• Welcome to Phoenix Rising!

    Created in 2008, Phoenix Rising is the largest and oldest forum dedicated to furthering the understanding of, and finding treatments for, complex chronic illnesses such as chronic fatigue syndrome (ME/CFS), fibromyalgia, long COVID, postural orthostatic tachycardia syndrome (POTS), mast cell activation syndrome (MCAS), and allied diseases.

    To become a member, simply click the Register button at the top right.

PACE Trial and PACE Trial Protocol

anciendaze

Senior Member
Messages
1,841
Just when I checked back to see possible responses to my posts I noticed that histogram. The distribution shows marked kurtosis. This is not a normal distribution. There is also an extended left tail.
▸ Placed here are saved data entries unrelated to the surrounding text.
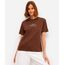 Camiseta feminina confeccionada em malha macia de algodão peruano com estampa localizada escrito "New York City Brooklyn" na parte frontal. A peça tem a modelagem reta e o caimento é confortavelmente solto ao corpo. O modelo tem gola redonda em tecido com textura canelada e as mangas são curtas com acabamento pespontado nos punhos e na barra.
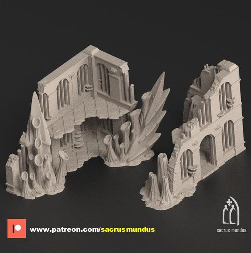 2 Story Ruins | Tulipa, The Infested World. 3d Printing Designs Bundle. Alien Bio Swarm, Hive, Scifi Ruins. Terrain and Scenery for Wargames
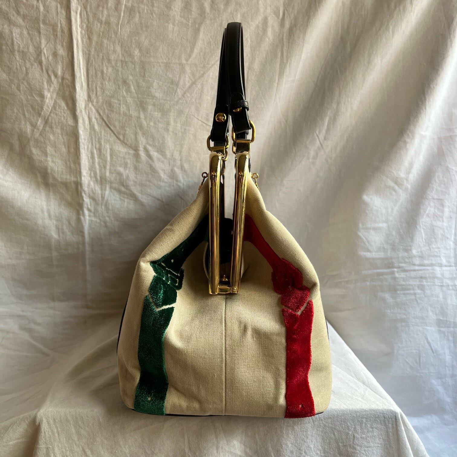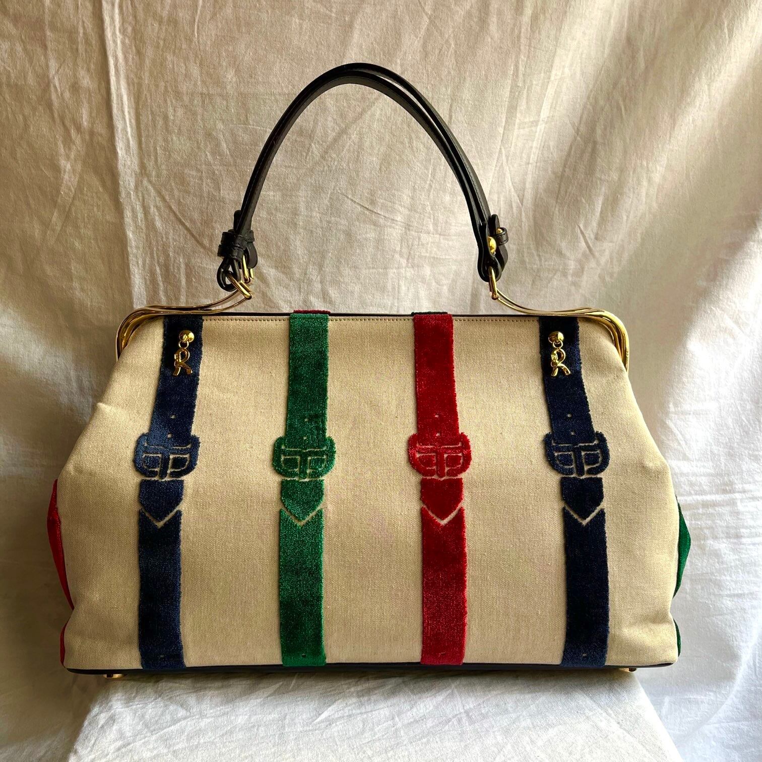 ROBERTA Multi Color "Canvas×Velour×Leather" Hand Bag
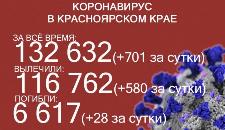 2 ноября число ковидных смертей в Красноярском крае достигло 6617. За последние сутки скончались 28 больных коронавирусом. За сутки выявили ещё 701 заболевшего, это новый антирекорд по суточному приросту. За всё время пандемии COVID-19 выявили у 132 632 жителей края.
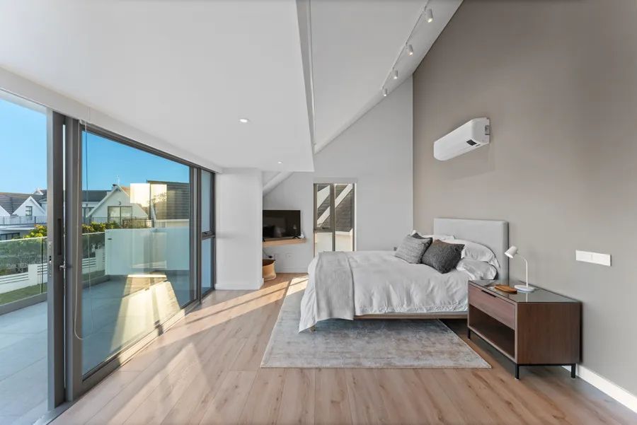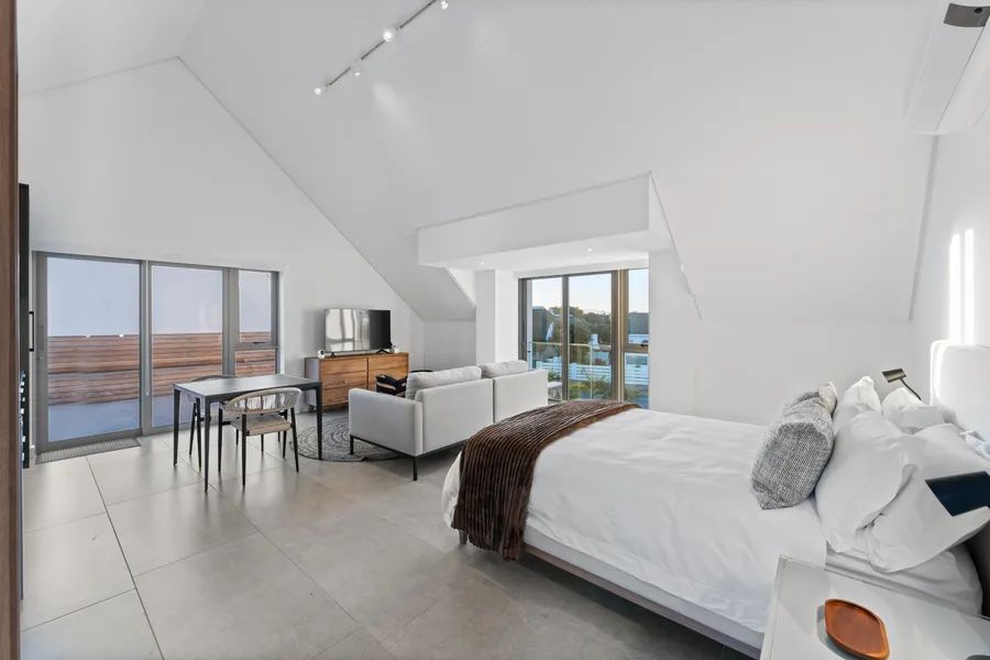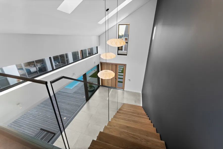 The heart of the home is the expansive open-plan kitchen, dining, and living area, defined by high ceilings, clean lines, and an abundance of natural light. This inviting space opens onto a wind-protected outdoor entertainment area with a sparkling pool—perfect for relaxed gatherings year-round. Three en suite bedrooms are thoughtfully positioned on the ground level for convenience and privacy.
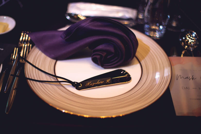 席札代わりに名前入りの靴ベラと鏡を男女それぞれに用意した。
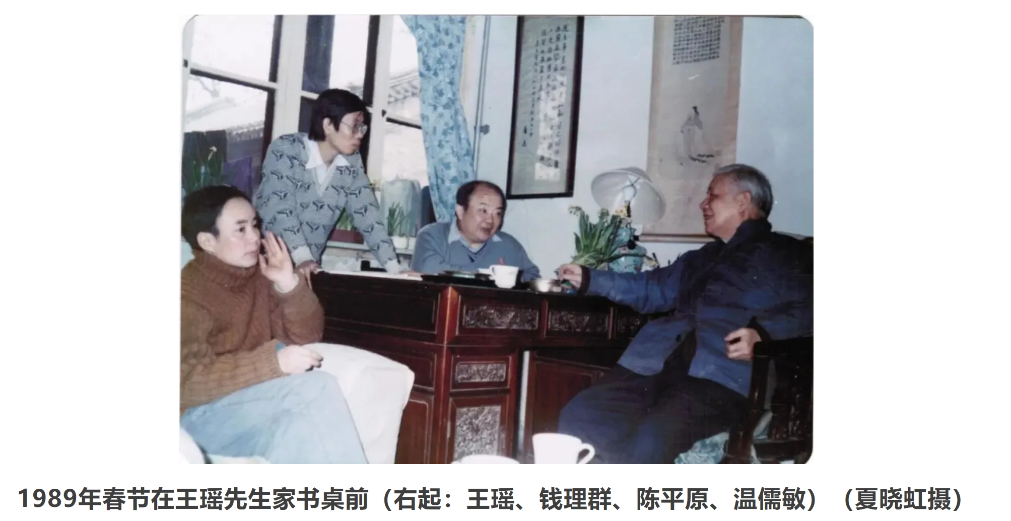 当初自信满满,可那些“如在眼前”的场景,真要复原,没有老照片的帮助,其实很难实现。平日里师友合影,镜头都是对准人物,客厅作为背景,只是露出一角。如今为了学术文献展,需要准确的方位与尺寸,一下子变得困难重重。当然可以随意布置,那样外行是看不出来的,可老学生多有健在者,很容易露馅。模糊的印象大家都有,精确定位却很不容易。翻查了很多老照片,终于找到夏晓虹1989年春节拍摄的一张师生合影,因取景角度不同平常,故得以呈现客厅的基本面貌。这张照片因而成为策展人的宝贝——不仅有资考证,帮助重建“虚拟的客厅”,而且可放置在书桌上,供参观者翻阅对照。
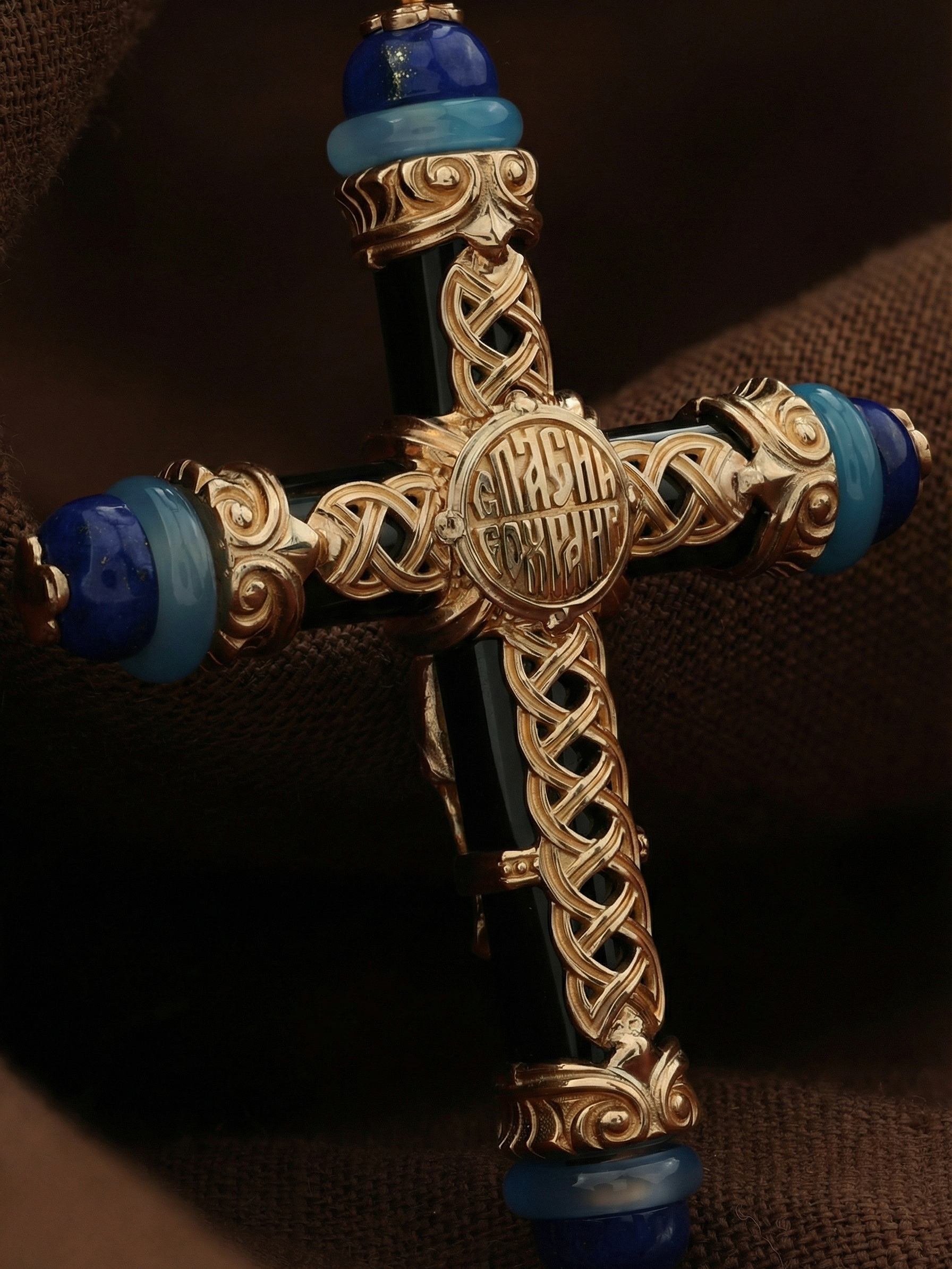 На оборотной стороне креста написана молитва: «Спаси и сохрани». Крест украшен орнаментом.

The boundary for the PACE trial seems to be at a point where the discrepancy between the histogram and a normal distribution is unusually large.
 

Marco

Grrrrrrr!
Messages
2,386
Location
Near Cognac, France
Just when I checked back to see possible responses to my posts I noticed that histogram. The distribution shows marked kurtosis. This is not a normal distribution. There is also an extended left tail. The boundary for the PACE trial seems to be at a point where the discrepancy between the histogram and a normal distribution is unusually large.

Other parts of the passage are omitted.